Вот сейчас Скабичевский – хороший он человек, но слишком склонный к учености – придумал теорию монструозности типов. В Растеряевом царстве каждый тип, каждый характер были настолько изломаны средой, настолько загажены жизненной пеной, что сами по себе являлись монстрами. Под этой пеной трудно было раскопать искру божию. Все то, что меня окружало в молодые годы, было какой-то кунсткамерой, в которой экспонаты демонстрировали не физиологическую патологию, а духовные, психологические, нравственные качества.

Был у нас, например, в округе военный писарь (подлинную фамилию его не помню, но в рассказе я его назвал Хрипушиным), который с давних пор слыл искусным лекарем. Жил он в глухой улице и не один, как все были уверены, а с раскольницей-женой, от которой ему не было житья ни днем, ни ночью. Может, именно она и подвигнула его, чтобы не умереть с голоду, заняться лечебным промыслом, в котором он использовал преимущественно средства радикальные. У одного чиновника, например, в ухе с детства сидел обломок грифеля. Не имея надлежащих инструментов, Хрипушин предложил ему стать вверх ногами, но грифель освобождаться от уха не захотел. Другого своего пациента, который надорвал живот, Иван Алексеевич лечил тоже весьма нетрадиционным способом: брал больного за плечи и, держа за ноги, встряхивал несколько раз.

Это насколько же растеряевцу надо было быть замордованному и верующему во всякую чепуху, чтобы создать Хрипушину славу лекаря и безропотно выкладывать ему нехитрые деньжонки, сопровождая их к тому же рюмочными подношениями.

А видели бы вы, Иван Силыч, его физиономию, которая, думаю, была немаловажным элементом его лекарских успехов.
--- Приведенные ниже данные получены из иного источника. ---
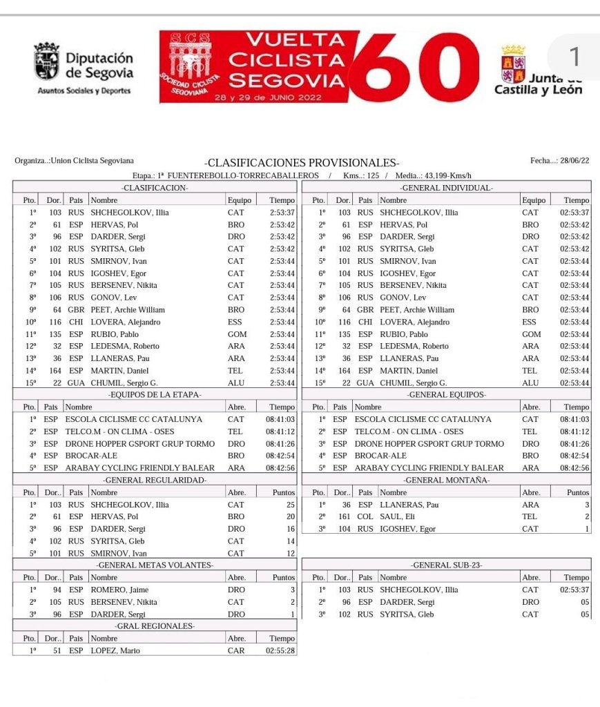 Ilia Rus Shchegolkov (Catalunya) ha sido el ganador de la primera etapa de la 60 Vuelta a Segovia que ha unido Fuenterrebollo y Torrecaballeros tras 125,10 kilómetros de recorrido. Su tiempo ha sido de 2:53:37 y se ha vestido de líder. El corredor del Brocar Alé, Pol Hervás ha entrado a continuación, a cinco segundos. Sergi Darder ha completado el podio de la jornada. A partir de ahí, cinco compañeros del ganador de la jornada en la clasificación.
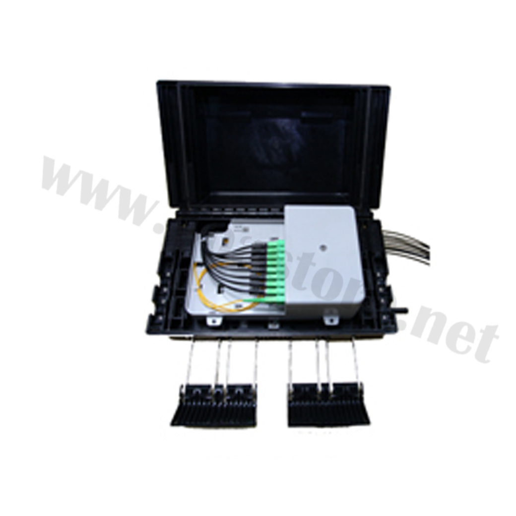 ด้านใต้กล่องมีช่องสำหรับนำสายไฟเบอร์ออฟติกเข้าออกได้ ติดตั้งใช้งานง่าย เหมาะสำหรับเป็นจุดพักเชื่อมต่อสไปรซและกระจายสายไฟเบอร์ออฟติก
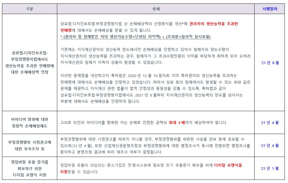 ![]() (출처: 특허청) 특허청은 손해배상범위 확대, 아이디어 탈취에 대한 징벌적 손해배상제도 시행, 중소기업의 특허 조사·분석비용 세액공제 포함, 모바일 특허출원 시스템 도입 등 ‘2021년 새롭게 달라지는 지식재산 제도’를 발표했습니다.
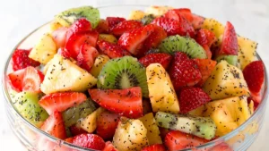 ইফতারে ফ্রুট সালাদ একটি চমৎকার স্বাস্থ্যসম্মত খাবার হতে পারে। লম্বা সময় রোজা রাখার পর শরীরকে সতেজ রাখতে ফ্রুট সালাদের বিকল্প নেই। মৌসুমি নানা রকম ফল দিয়েই ইফতারের জন্য বানানো যাবে ফ্রুটস সালাদ।
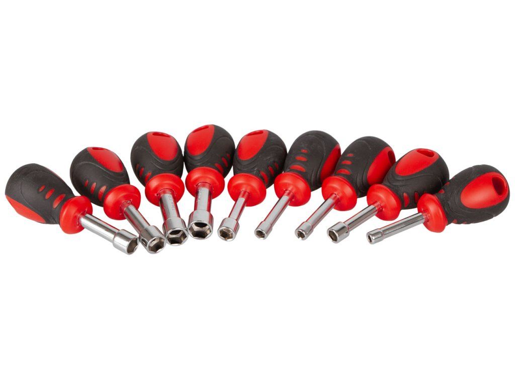 Konstrukce nástrojů kombinuje ocelové nástavce s šestihranným profilem a ergonomicky tvarované rukojeti s protiskluzovým povrchem pro přesné vedení nástroje.
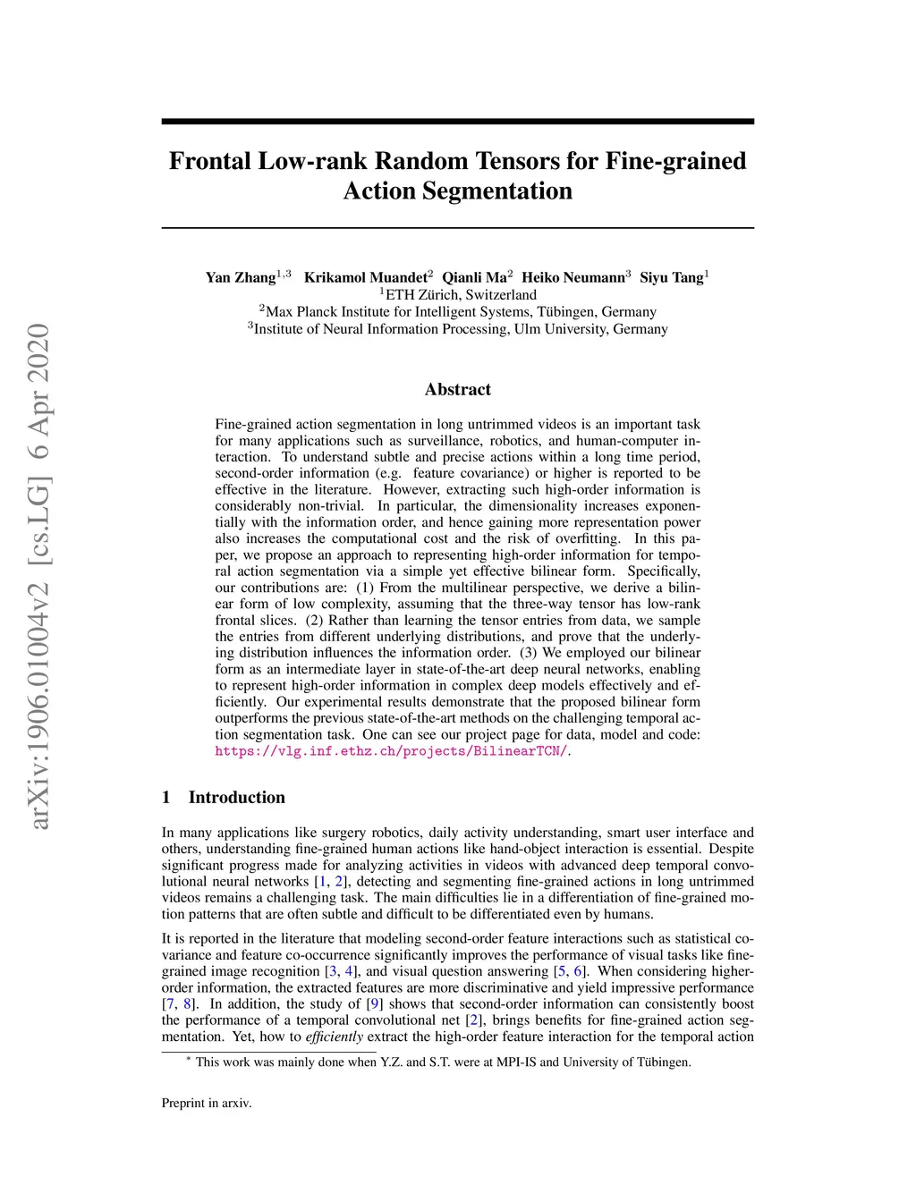 Frontal Low-rank Random Tensors for Fine-grained Action Segmentation

Такого не могла бы придумать самая монструозная фантазия.

Большая круглая, как глобус, голова была покрыта толстыми рыжими волосами и обладала щеками до такой степени крепкими и глазами, сверкавшими таким металлическим блеском, что при взгляде на него непременно являлось в воображении что-то железное, литое, что-то вроде пушки, готовой к выстрелу. Эта кованая физиономия была вся налита кровью, которая до хрипоты стиснула его шею и выдавливала наружу огромные серые глаза, которые могли поразить человека даже неробкого десятка.

Маленький, как пуговица, нос и выпуклости щек были настолько разрисованы синими жилками, что напоминали собою географическую карту дельты Волги. Общее впечатление физиономии завершалось огненного цвета усами, которые торчали наподобие турецких сабель.

Вся эта живописная неповторимость облекалась, независимо от сезона, в старую солдатскую шинель с разнокалиберными пуговицами и воротником, затянутым до невозможности. На голове Хрипушин носил фуражку, внутри которой помещался платок.

Я думаю, вам нетрудно представить, каким нравственным монстром было это чудовище.

Вот вы, Силыч, говорите, что при крепостном праве жизнь имела какую-то устойчивость… Да, имела. Но эта устойчивость пахла мертвечиной, большой гнилью, в этом мире не возникало попыток мыслить. При всем моем незлобливом характере я возненавидел этот ваш устойчиво-счастливый мир, эти огороженные заборами и собачьей злобой собственные домишки, эти завалинки, оплеванные подсолнечной шелухой, эту вековечную покорность нужде, это раболепное поклонение рублю и силе, эту обреченность на смерть еще до рождения. Нет, Силыч, освобождение пробудило мысль, дало толчок внутреннему движению жизни. Теперь ее уже трудно остановить. А вот в каком направлении она двинется, это нам с вами еще думать и думать.

Ну да ладно, завтра на зорьке вставать, пора ложиться. – Глеб тяжеловато поднялся, долго смотрел в июльское звездное небо и, взяв меня за руку, повел в дом.